_Data_:
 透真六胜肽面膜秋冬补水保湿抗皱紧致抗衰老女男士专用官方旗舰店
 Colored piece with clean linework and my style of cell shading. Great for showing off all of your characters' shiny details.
==
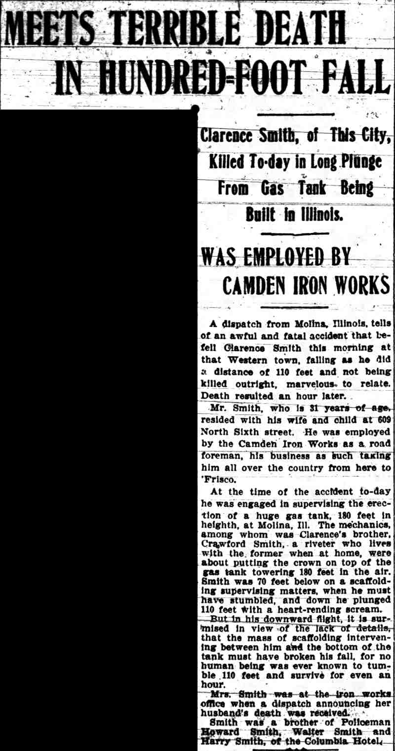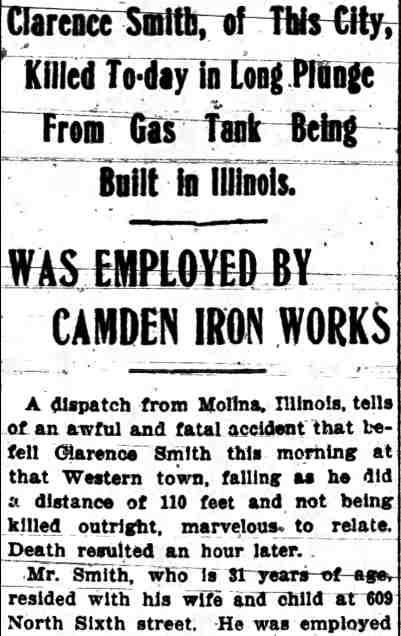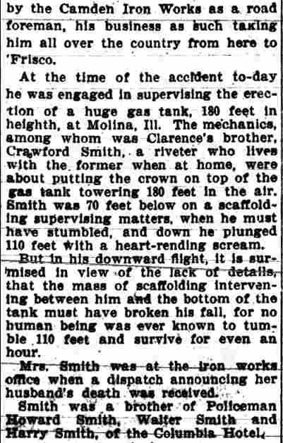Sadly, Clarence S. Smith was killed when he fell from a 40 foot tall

_Work order_: All lines in the listing above from the line containing "透真六胜肽面膜秋冬补水保湿抗皱紧致抗衰老女男士专用官方旗舰店" to the line containing "Colored piece with", inclusive, should be retyped exactly; no other lines should appear.

_The completed task_:
 透真六胜肽面膜秋冬补水保湿抗皱紧致抗衰老女男士专用官方旗舰店
 Colored piece with clean linework and my style of cell shading. Great for showing off all of your characters' shiny details.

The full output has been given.